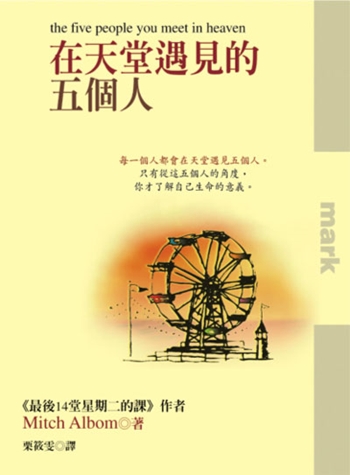 《在天堂遇見的五個人》中的主角艾迪在83歲生日那天,剛好在遊樂場遇上一場意外,最後他為了拯救一名小女孩而不幸喪生。當他醒來後,發現自己已經身處天堂。而在天堂上,艾迪遇上了曾經出現在他生命裡的五個人,這五個人分別讓他,也讓讀者重新上了人生裡最重要的其中五堂課:世事都是緊扣著、選擇與犧牲、寬恕、愛,活著的意義。
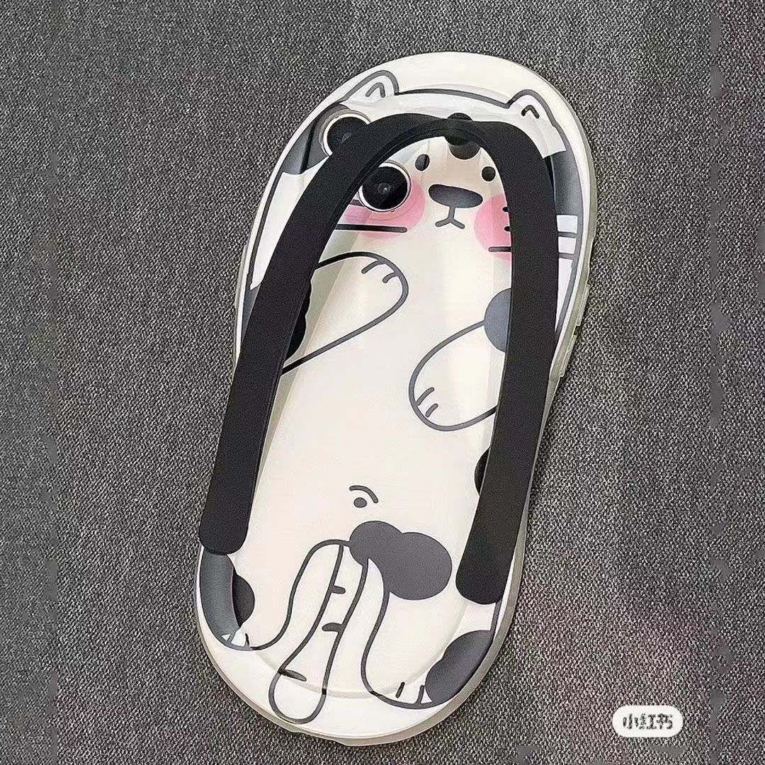 • 투명 슬리퍼-FL 스탠딩 블러싱 고양이 (블랙 신발 끈)
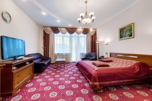 Состоит из одной комнаты с большой двуспальной или двумя полуторными кроватями с зоной отдыха c мягким креслом, диваном, журнальным столиком, а также ванной комнаты с душевой кабиной или ванной.
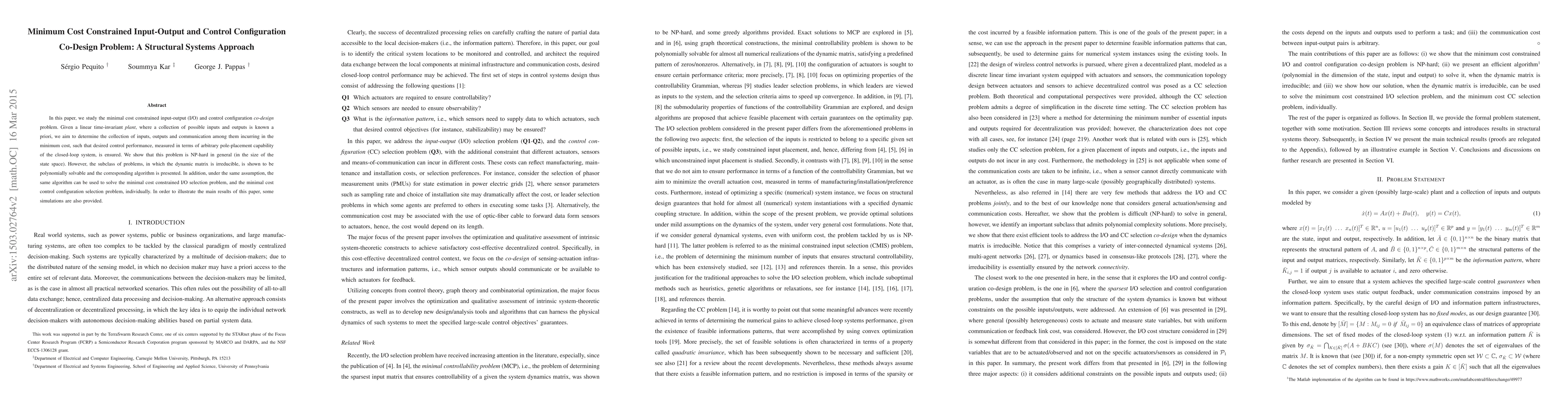 This paper addresses the NP-hard problem of determining the minimal cost configuration of inputs and outputs for a linear time-invariant plant to ensure desired control performance. For irreducible dynamic matrices, a polynomially solvable algorithm is presented, applicable to both I/O selection and control configuration selection.
....
Print the listing exactly, but skip its pictures.

▸ Exercise result
 《在天堂遇見的五個人》中的主角艾迪在83歲生日那天,剛好在遊樂場遇上一場意外,最後他為了拯救一名小女孩而不幸喪生。當他醒來後,發現自己已經身處天堂。而在天堂上,艾迪遇上了曾經出現在他生命裡的五個人,這五個人分別讓他,也讓讀者重新上了人生裡最重要的其中五堂課:世事都是緊扣著、選擇與犧牲、寬恕、愛,活著的意義。
 • 투명 슬리퍼-FL 스탠딩 블러싱 고양이 (블랙 신발 끈)
 Состоит из одной комнаты с большой двуспальной или двумя полуторными кроватями с зоной отдыха c мягким креслом, диваном, журнальным столиком, а также ванной комнаты с душевой кабиной или ванной.
 This paper addresses the NP-hard problem of determining the minimal cost configuration of inputs and outputs for a linear time-invariant plant to ensure desired control performance. For irreducible dynamic matrices, a polynomially solvable algorithm is presented, applicable to both I/O selection and control configuration selection.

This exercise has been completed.